Juan Toscano-Anderson may not have been on the court during the Golden State Warriors’ NBA Finals victory, but he made history anyway.
With the Warriors’ 103-90 Game 6 victory against the Boston Celtics on Thursday, the Oakland native became the first player of Mexican origin to win an NBA championship. He just played one minute and 19 seconds for the Warriors in the series, but he’ll still win a ring.
Toscano-Anderson scored 4.1 points and 2.4 rebounds in 13.6 minutes per game with the Warriors in 73 regular-season games.
Toscano-Anderson saw the Warriors’ first three championships. Despite entering the 2015 NBA draught, he wasn’t even in the league when Golden State won the Larry O’Brien Trophy in 2018, and that’s just the beginning of one of the league’s most amazing stories.
Juan Toscano-journey Anderson’s to an NBA title
The Warriors are full of underdogs, such as a small point guard who couldn’t find a significant Division I offer or an undersized power forward who went in the second round of the draught, but none has taken a more unlikely route to the NBA than Toscano-Anderson.
Rewind to 2015, and Toscano-Anderson is nearing the end of a respectable, but not very memorable, career at Marquette. As a senior, he averaged 8.3 points and 5.7 rebounds per game, hardly NBA benchwarmer figures, and his lack of NBA qualities kept him from hearing, or even expecting, his name called during the draught.
Most college basketball players with NBA aspirations opt for G League or, if that fails, foreign chances at that time. According to the San Francisco Chronicle, Toscano-Anderson received no proposals to do so. He was not wanted by any league.
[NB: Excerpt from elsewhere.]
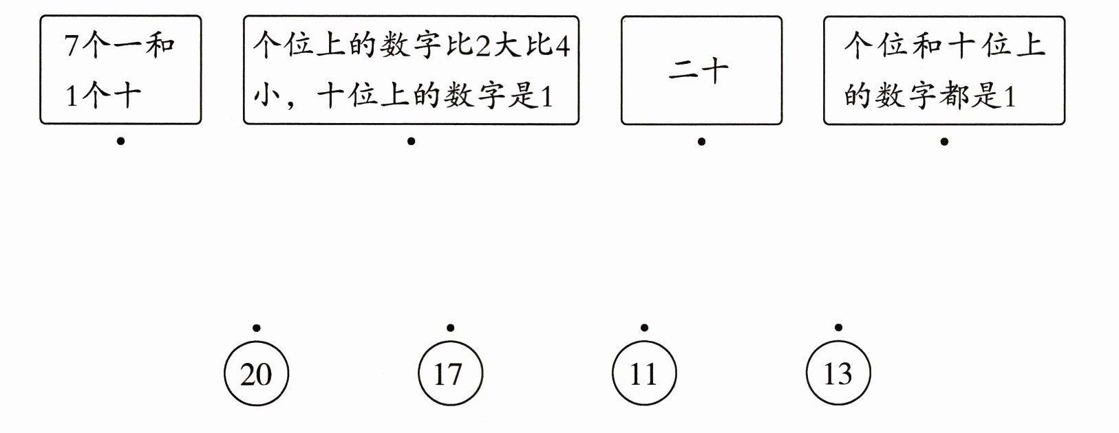 7个一和1个十连17,个位上的数字比2大比4小,十位上的数字是1连13,二十连20,个位和十位上的数字都是1连11。

Toscano-Anderson received a chance with the Mexican national team after two months of living with his mother, and he did well enough to obtain an offer from the Soles de Mexicali of Mexico’s Liga Nacional de Baloncesto Profesional.
Over the course of four years, Toscano-Anderson emerged into one of Mexico’s biggest basketball talents, capturing MVP accolades and two LNBP championships, a star turn that landed him a shot… with the G League, where he began playing for Golden State’s Santa Cruz Warriors in 2018. With one more good year under his belt, Toscano-Anderson was drafted into the NBA as a 26-year-old rookie.
His arrival coincided with the Warriors’ lowest point during the 2019 NBA Finals, but he got enough playing time to persuade the organisation that he was worth maintaining. Juan Toscano-Anderson is presently a champion in the NBA.